Australian animal welfare advocate (1831–1924)

Frances Deborah Levvy (born Deborah Frances Levey; 14 November 1831 – 29 November 1924) was an Australian animal welfare advocate, humane education organiser, editor, and writer. A leading figure in the early humane movement, she helped establish the first Australian Band of Mercy in 1884 with her sister Emma and, in 1886, founded a women's branch of the RSPCA in Australia, serving for several years as its honorary secretary. For more than three decades she edited and largely wrote the Band of Mercy and Humane Journal of New South Wales (1887–1923), which reported on animal welfare campaigns, school initiatives, and humane education. Her publications circulated widely in Australia and overseas, and she was noted for using journalism to promote compassion toward animals and to involve children and women in reform. Levvy's work contributed to the spread of humane education in New South Wales schools with support from the Department of Public Instruction.

== Biography ==

=== Early life and background ===
Levvy was born Deborah Frances Levey on 14 November 1831 in Penrith, New South Wales. She was the youngest of four children of Sarah Emma and Barnett Levey. Her siblings were Emma Rebecca (born 1826), Barnett Francis (born 1827), and Jacob Philip (born 1829). She was a niece of Solomon Levey and the judge Joshua Josephson. Her father, who founded Australia's first theatre and worked as a watchmaker, died in 1837. He has been described as the first Jew to voluntarily emigrate to Australia, and his wife also emigrated voluntarily.

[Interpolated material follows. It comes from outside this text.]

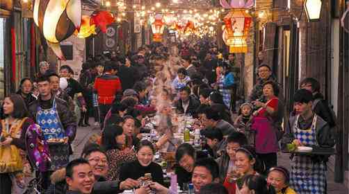 在乌镇过年,你可以过得丰足而幸福,因为能体验到千年古镇传承至今的传统大年习俗:打年糕、做团子、祭祀、长桌年宴等,就像你儿时过年那样,原汁原味。每年的初一到初六,西栅都会有传统长桌年宴,百米长街,宴开百桌,也许很多人是第一次吃这样的长桌宴会,其乐融融,难以忘却。老老少少,煞是热闹,不管认识的不认识的,互敬一杯酒,浓浓的年味就暖进心窝里了。
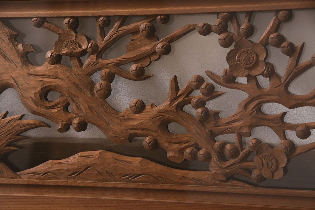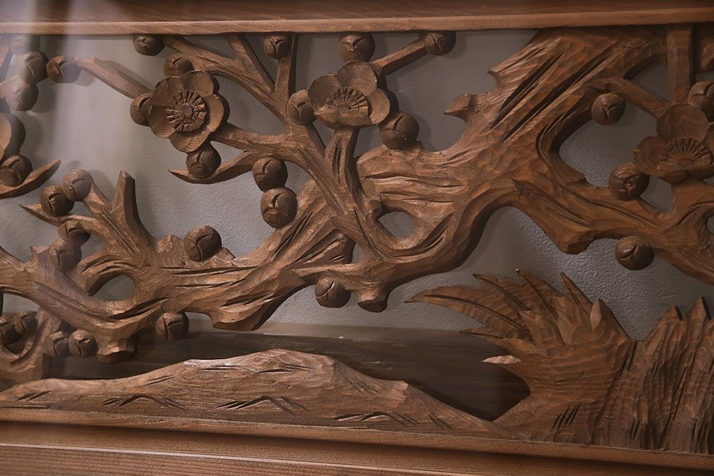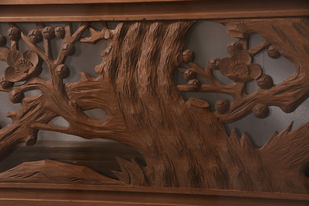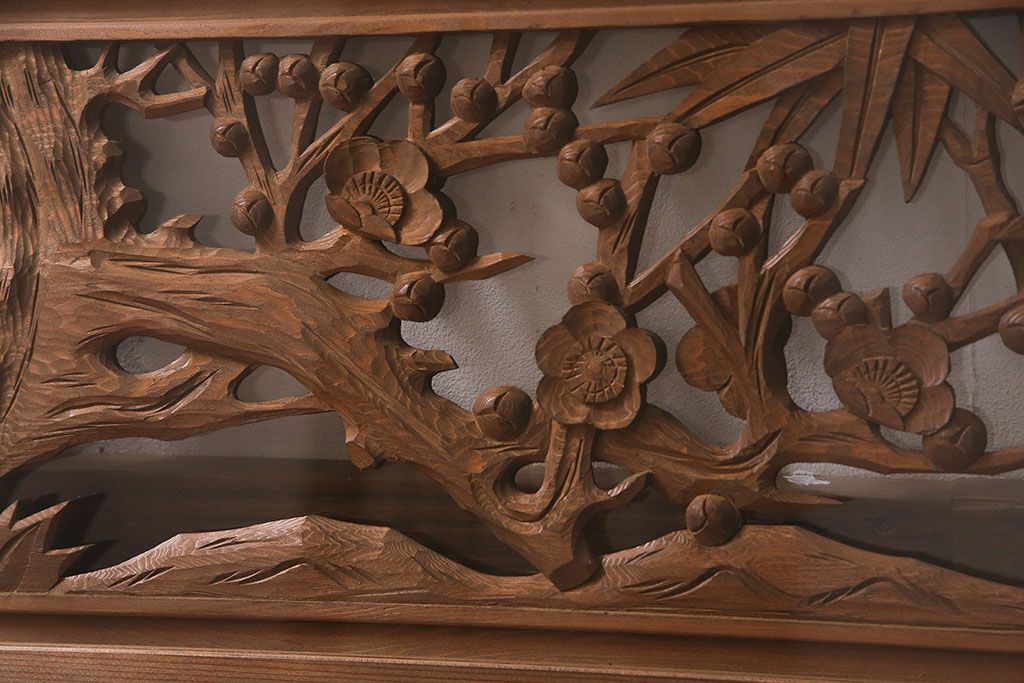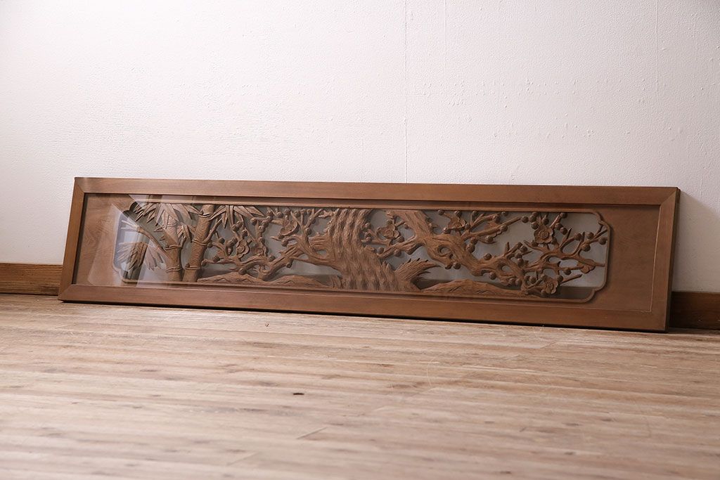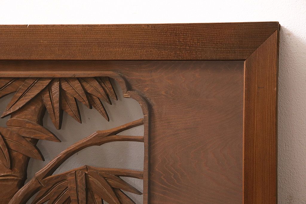 アンティーク建具 力強い竹と梅の彫りが目を引く彫刻欄間(明かり取り、明り取り)(R-047337)

After her father's death, the family faced financial hardship and converted to Anglicanism. In her will, Levvy's mother changed the family surname from Levey to Levvy, a spelling later adopted by Frances and her sister Emma. Levvy remained a Christian throughout her life and later donated money to missionary work promoting conversion among Jewish people.

=== Personal life ===
In the 1860s, Levvy became involved in a legal dispute with Arthur John Robey, a struggling solicitor with whom she was staying in Armidale. She lent him £100 at 6 percent interest, later raised to 10 percent, but he was bankrupted after the Kempsey floods destroyed his home and assets. When she sought repayment, the court found no fraud or professional misconduct, ruling that the loan was a private matter. Robey's repeated insolvencies left Levvy unable to recover her money, though his conduct was described as imprudent rather than dishonest.

In 1874, Levvy moved to Newtown with her sister following the death of her brother-in-law, Dr George Thomas Clarke. She had lived with the Clarkes prior to his death.

Levvy also belonged to the Girls' Friendly Society and the Church of England Temperance Society. She donated money to the London Society for Promoting Christianity Amongst the Jews.

=== Animal welfare and humane education ===
==== Humane movement leadership ====
In December 1886, Levvy helped to establish and served as honorary secretary of a women's branch of the RSPCA in Australia. After an extortion case involving a staff member in 1896, the British RSPCA withdrew its association with the Australian branch, but Levvy continued her work and reorganised the group as the Women's Society for the Prevention of Cruelty to Animals.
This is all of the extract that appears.